The drill is well established whenever you call on Best Mate in the build-up to the Cheltenham Festival. Hot coffee and spicy sausage rolls are on the menu as Henrietta Knight fusses around reciting a list of superstitions as long as your arm.

Knight's husband and assistant trainer Terry Biddlecombe turns up looking like a refugee from a Constable painting to assure everyone that Best Mate is stronger than ever as he builds up to another defence of his totesport Gold Cup crown.

And the champion himself laps up the attention before turning up at Cheltenham to put the best chasers in Britain and Ireland in their place.

At first glance, little has changed at West Lockinge Farm as Best Mate prepares for an incredible fourth consecutive Gold Cup success.

Knight still fusses, Biddlecombe still booms and Best Mate still swaggers round his paddock like Muhammad Ali limbering up for a title fight.

But look a little closer and it's hard not to feel that something has changed in this sleepy corner of the Oxfordshire countryside.

The elegant 10-year-old has had his good looks spoiled slightly by a fourinch facial scar sustained when he banged his head in a horsebox on the way to Ireland over Christmas, and, more importantly, the endearingly dotty couple who have crafted his stellar career with such skill and patience give the impression that even they feel the four-timer might just be one bridge too far.

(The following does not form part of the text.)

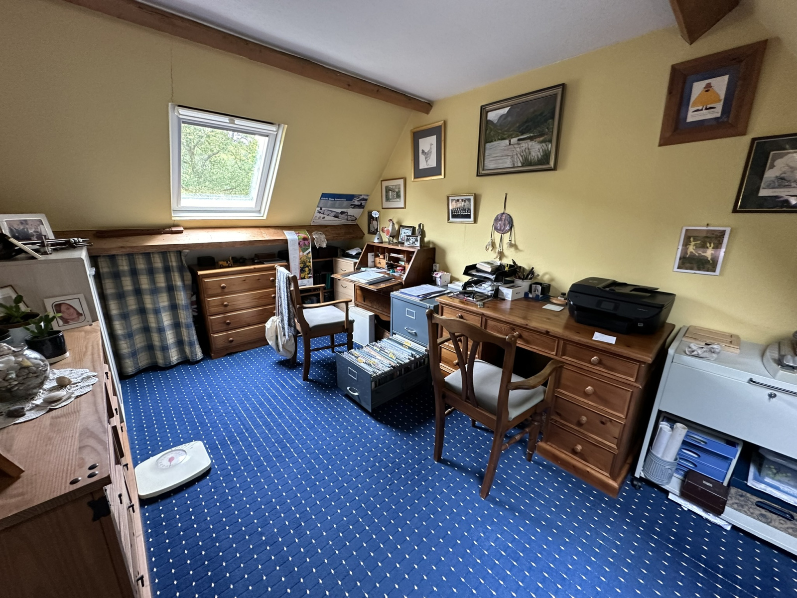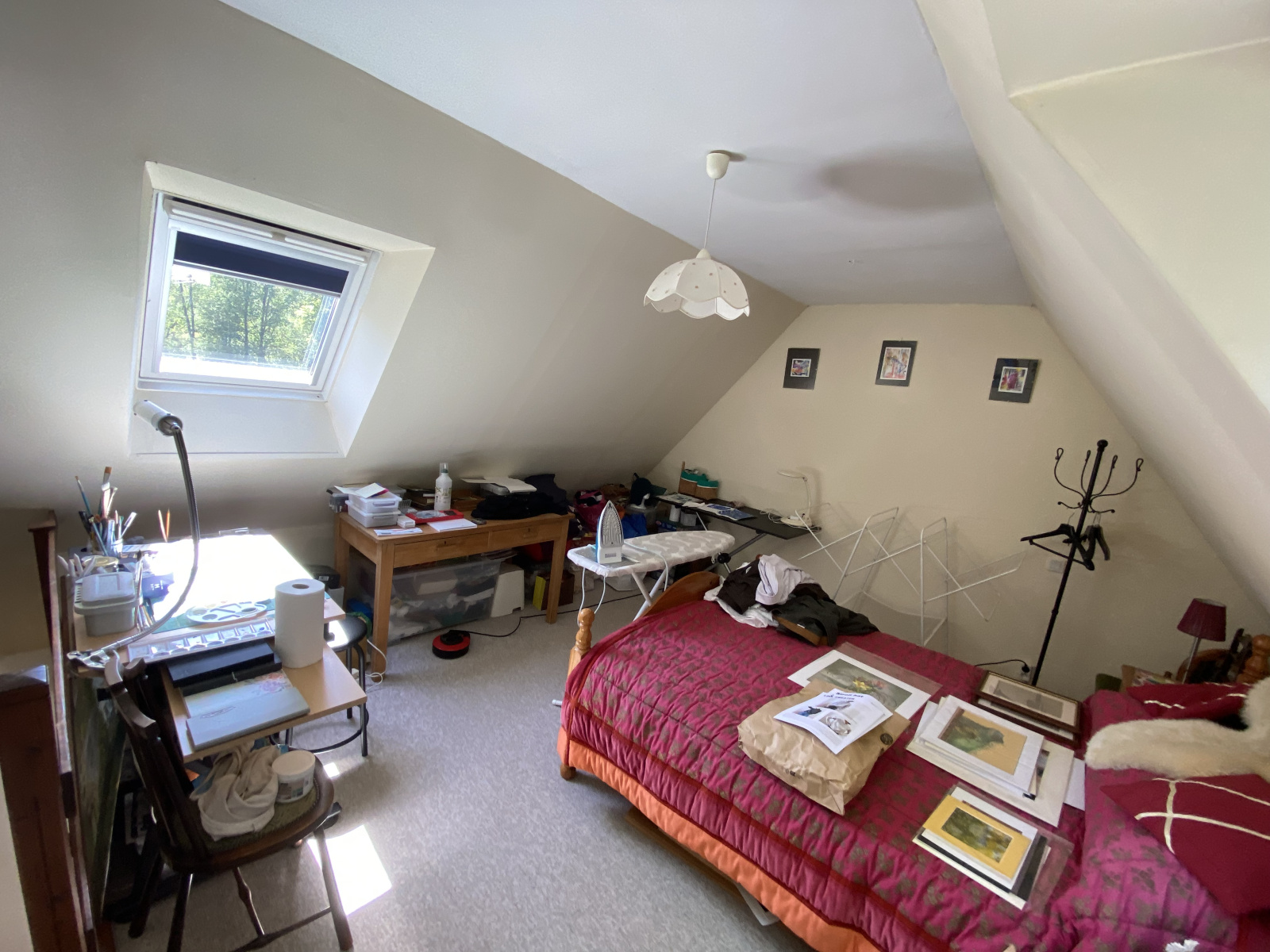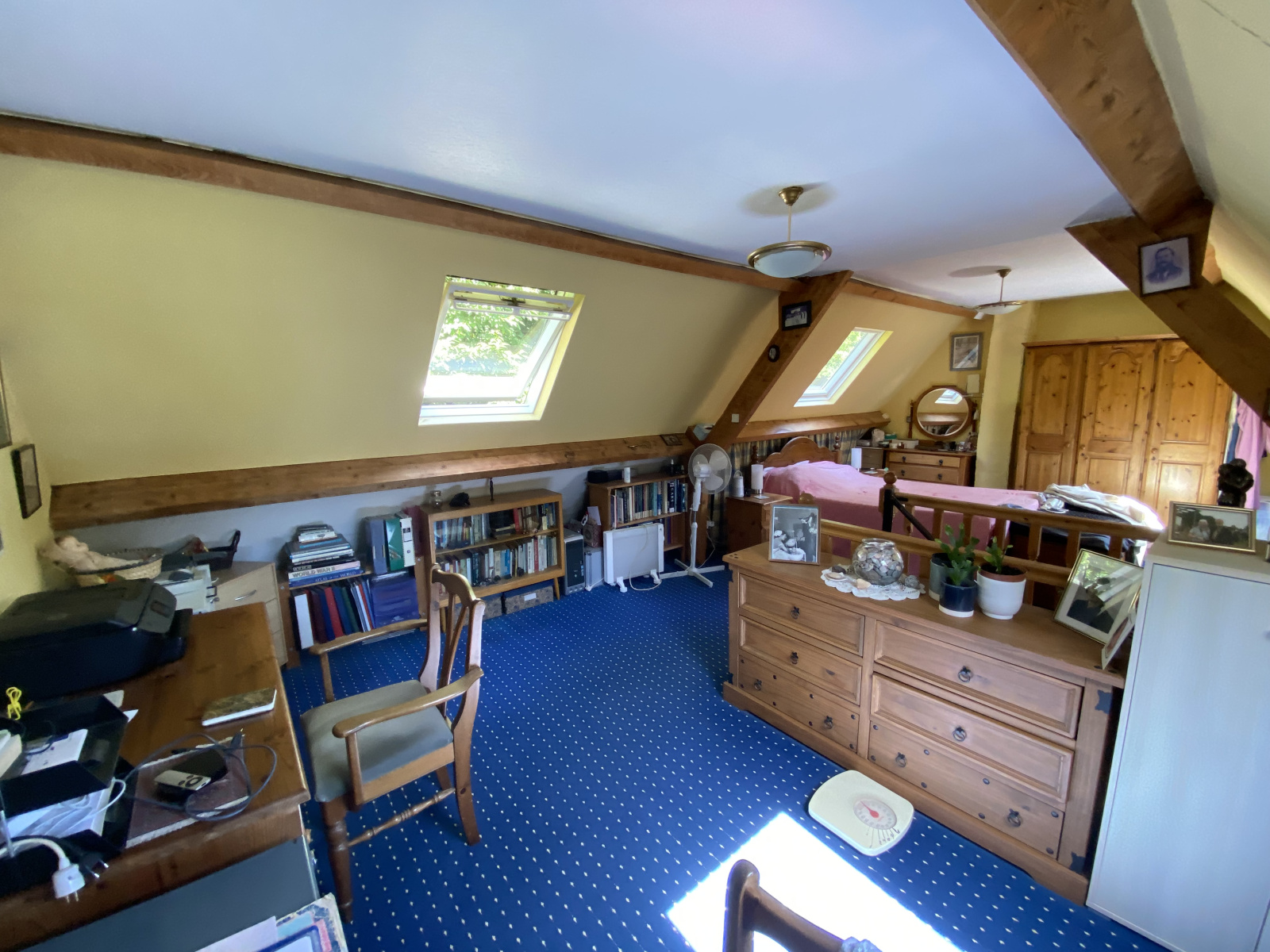 À l’étage : deux chambres, dont une disposant d’un espace bureau.

Biddlecombe has never taken a backward step in his life, but his insistence that Best Mate "will win" is followed by the rider that good ground is a must and that "this is one of the best Gold Cups in years".

Knight reports that the horse she adores above all others "seems as good as ever" yet follows up with enough reservations to make even the most faithful follower think twice about wading in at around 5-2 when the first four-day Festival reaches its climax on Friday week.

"People tend to say you are whingeing when you make excuses," adds Knight. Indeed they do, and for the first time in history Best Mate needs a few excuses to be made for him.

First time out at Exeter this season he made hard work of beating the journeyman Seebald, while the only way a bid to win the Lexus Chase at Leopardstown in December could have gone worse was if the ferry had sunk on the way back to Holyhead.

"He got this nasty gash on his head on the box going over which needed stitching and then it never stopped raining," adds Knight. "He then did the splits at the first fence and pulled muscles in his chest, and to cap it all he came home coughing."

Beef Or Salmon sprinted seven lengths clear of Best Mate in the Lexus. Michael Hourigan's mercurial chestnut will loom large among the opposition again next week, and Knight is already planning her usual bevy of fiver bets designed to jinx her main rivals.

"I always back the ones I'm most worried about at the local Ladbrokes and this year it's going to cost me quite a bit," she adds.

"Grey Abbey has improved enormously and will set a fast pace, which will suit us. Strong Flow is a very good horse and jumps exceptionally well, while Kingscliff and Celestial Gold have both acted well round Cheltenham before and that is very important."

But once the superstitions and yearly rituals are put to bed, Knight knows full well that the 2005 Gold Cup revolves around whether Best Mate truly is as good as ever.

A reproduction of the form he showed to scramble home ahead of Sir Rembrandt and Harbour Pilot last year is unlikely to be good enough this time. Whether the sport is boxing or racing, a trainer can never be certain about when the roof is about to fall in on their champion.

Knight insists she is more relaxed than 12 months ago, which would hardly be difficult, but does her newfound calmness stem from a realisation that the game might finally be up?

Best Mate is her past and her present, yet for the first time since he began to dominate the chasing scene Knight is looking to a future in which others must come to the fore.

"It's hard to describe the thrills this horse has given us at Cheltenham," she adds. "When you walk into the winner's enclosure with him your heart nearly stops and for a while you don't feel as if you are on this planet, but we have to be prepared for this dream to come to an end.

"Fortunately, we have a wealth of young talent in the yard. It won't be the end of the world if he's beaten this time."

Perhaps not. But it will be the end of an era.